When building business intelligence solutions one problem is that data usually contains errors, e.g. attributes are written in different ways so that data cannot be grouped correctly. The attribute could be written in upper case or not; it could be abbreviated or not; and sometimes several synonyms exist for the same thing.
For instance, ‘United Kingdom’ could be referred to as ‘UNITED KINGDOM’, ‘United Kingdom’, ‘Great Britain’, or just ‘UK’.
As a consequence, what the users really think of as the same instance will appear on several rows in a list box, or be displayed in several bars in a bar chart. This will cause problems in the data analysis, since selections and numbers displaying totals often will be incomplete.
But there are ways to solve this. The best way, is of course to correct it in the source data. But this is not always possible, so it may be that the correction must be made elsewhere.
In QlikView and Qlik Sense there are several ways to do this. The most obvious (but not the best), is to use a hard-coded, conditional expression in the script:
Similar constructions can be made using Replace() or Pick(). These all work and will do the job.
But they are not manageable.
Should you want to add more cases or change some previous ones, you will soon realize that this isn’t a good method. The expressions will become too long and they will be error-prone. So I strongly recommend not doing this.

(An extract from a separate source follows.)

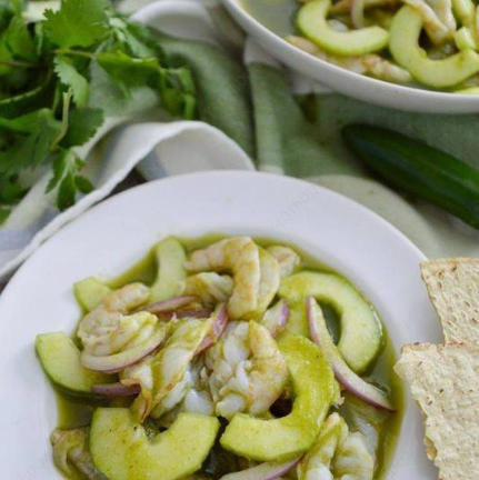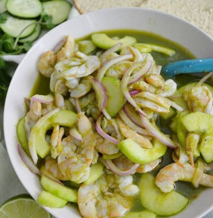 Delicioso aguachile con camarón desvenado, pepino cebolla morada, limón y aderezado con una rica salsa verde picosa.

There is however a solution which is both manageable and simple: Mapping Load. The first step is to create a mapping table with all changes you want to make:
Then you load this table using the Mapping prefix:
Mapping Load ChangeFrom, ChangeTo
From MapTable.xlsx (…) ;
Now you can use this table in the script to correct all field values. The simplest way to use the Map statement: Declare the mapping early in the script before any of the relevant fields are loaded, and the corrections will be made automatically:
Map Country, Department, Person Using MapTable ;
Alternatively, you can use either ApplyMap() or MapSubstring() when you load the field, which both will make a lookup in the mapping table and if necessary make the appropriate replacement, e.g.:
ApplyMap( ‘MapTable’, Country ) as Country ,
The mapping table will be discarded at the end of the script run and not use any memory in the final application.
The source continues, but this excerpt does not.